Although I’ve been in the hobby for over 50 years, the current HO layout that I’m building is the first with ground foam as ground cover. Have used other scenery techniques in the past. I started out using wet water and WS scenic cement. When I ran out of sc I made up a mix of Elmer’s white glue and water and used 70% alcohol as my wetting fluid. I wasn’t satisfied with the soaking I was getting with the adhesive mix so I added a few drops of liquid dish detergent.

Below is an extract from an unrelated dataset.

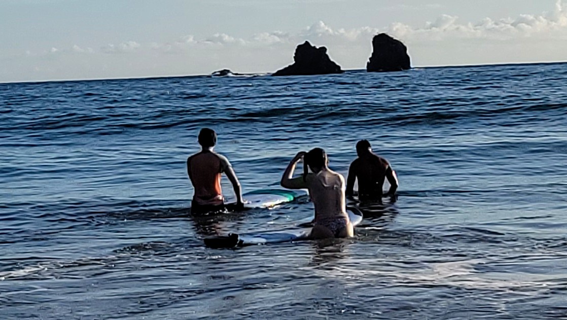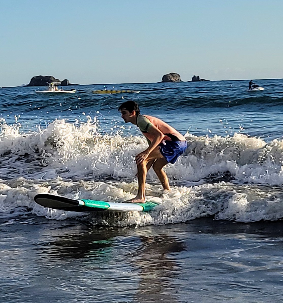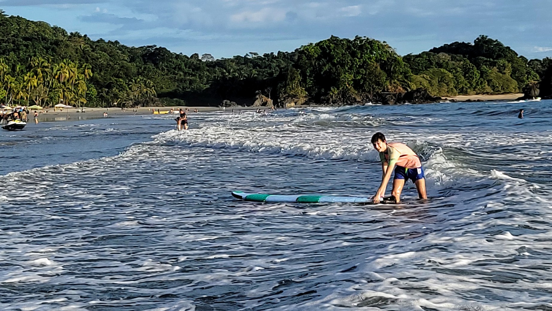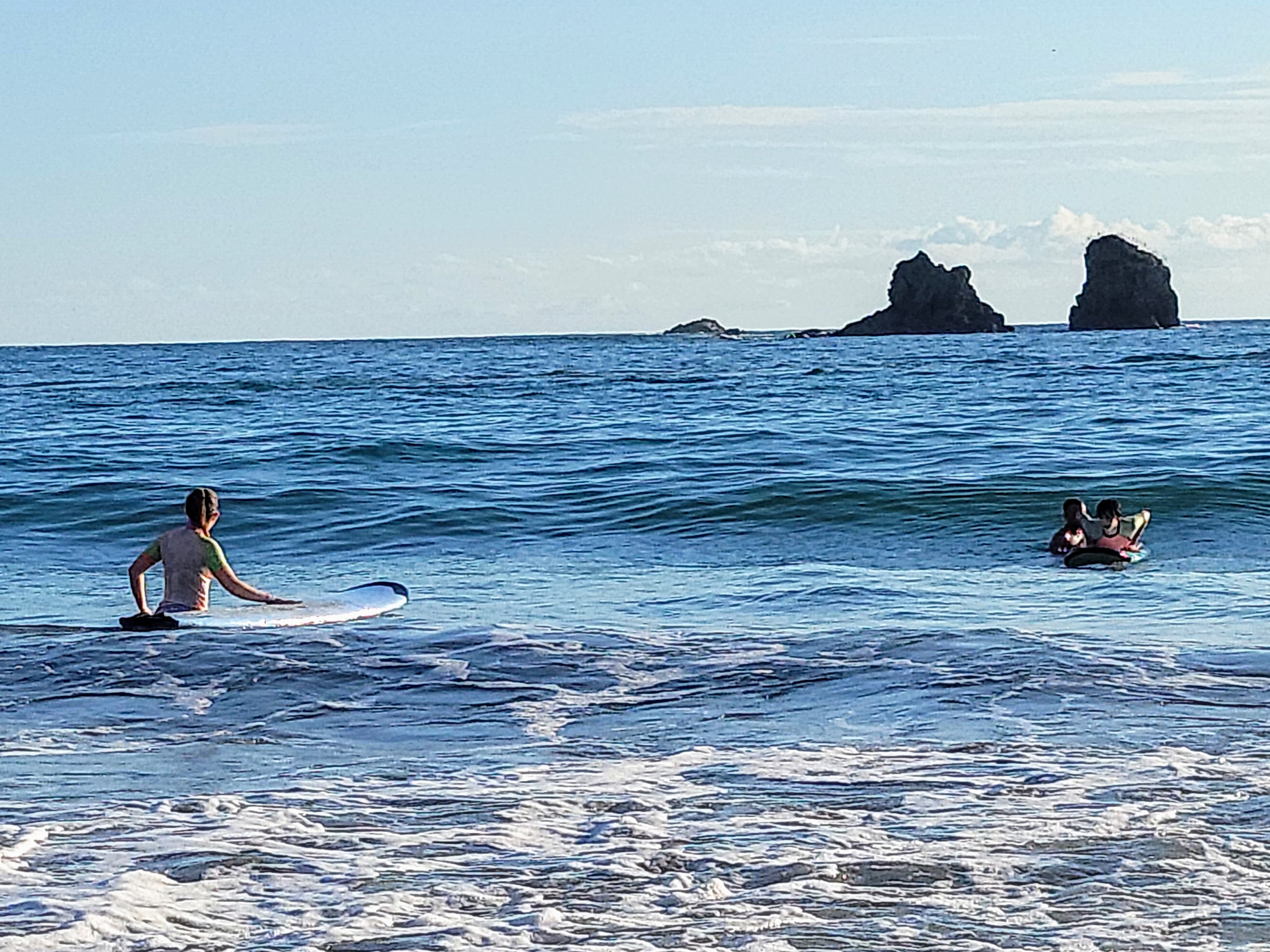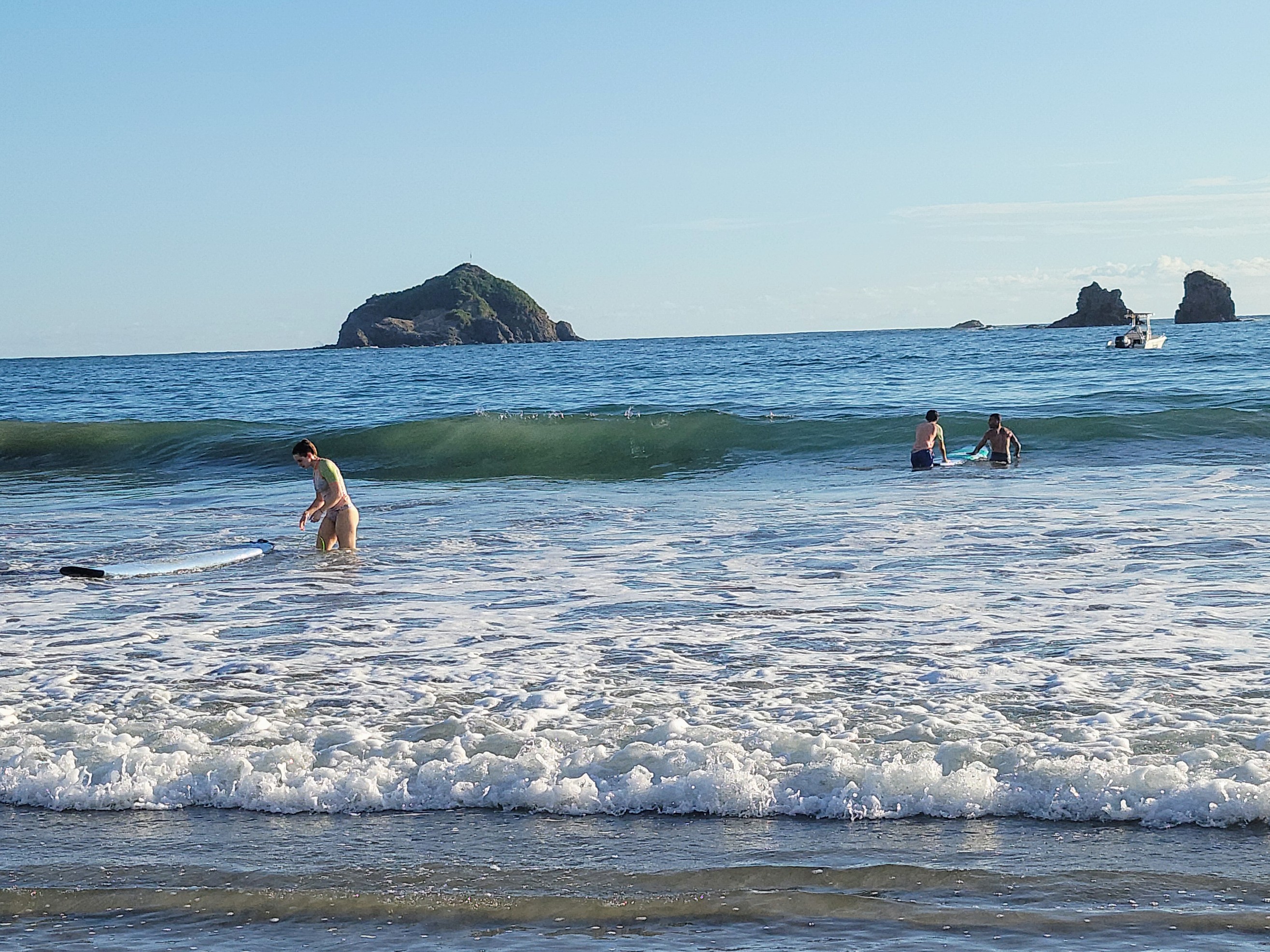 Today was our first day back at work and online school. We got finished early around 12:45pm (we’re 1 hour behind E.S.T.), took a nice long break (a.k.a..- siesta) then headed down to the beach around 2:30pm. Remi and Mason got their 1st surf lessons and were riding waves by the end. We also hung out around the beach with our new Costa Rican friends.

Went down to do a little more work on the layout. I noticed (by feel) that the previous work I had done a couple of days ago was dry, which is okay. What I didn’t expect was that the ground foam had gotten extremely hard, almost like a sponge that has totally dried out. I checked another part of the layout where I had used the wet water/WS process and that too was hard. Is this normal or did a really mess things up? Like I said I’ve used other scenery techniques. zip texturing amongst them, and remember that those gave a hard finished feel to them. Now I know it’s not going to be soft as Charmin toilet paper (and won’t be used for the same use
), but still…I dunno.
What happened is normal. The trick is to put more WS foam on top so the adhesive doesn’t soak through it all. Come back later when it’s dry and remove the excess. What you have left is a soft surface with a hard foundation.
Hi jack: I agree with Jeffrey. Something else you might want to try is spread staight white glue on the surface to be sceniced then sprinkle foam on the glue. When dry, vacuum up the excess.
Mine dried hard too so I guess it’s normal.
Unless you’re doing your model railroad in Braille, it’s not how it feels, it’s how it looks.
'Way back when Linn Westcott was first describing zip-texturing, one comment was that his green plaster ‘grass’ looked soft and fluffy. Given the materials used, it was about as soft as any other gypsum casting…
If you use glue that gets hard and soak the ground foam, it WILL end up hard…
Chuck (modeling Central Japan in September, 1964)
That was some quick replies. As I originally mentioned, I’d never used ground foam as ground cover so I had no idea of what the end product would feel like. Whether it’s hard or soft I don’t care, as long as it looks okay (which it does) and doesn’t come off (which it won’t). I was just worried that I’d messed up, and I want to do this layout up right.
Thanks all and have a good weekend.
BTW, I discovered another hobby no-no while doing scenery: don’t use alcohol as a wetting fluid in a room with no air movement; it will make you goofy.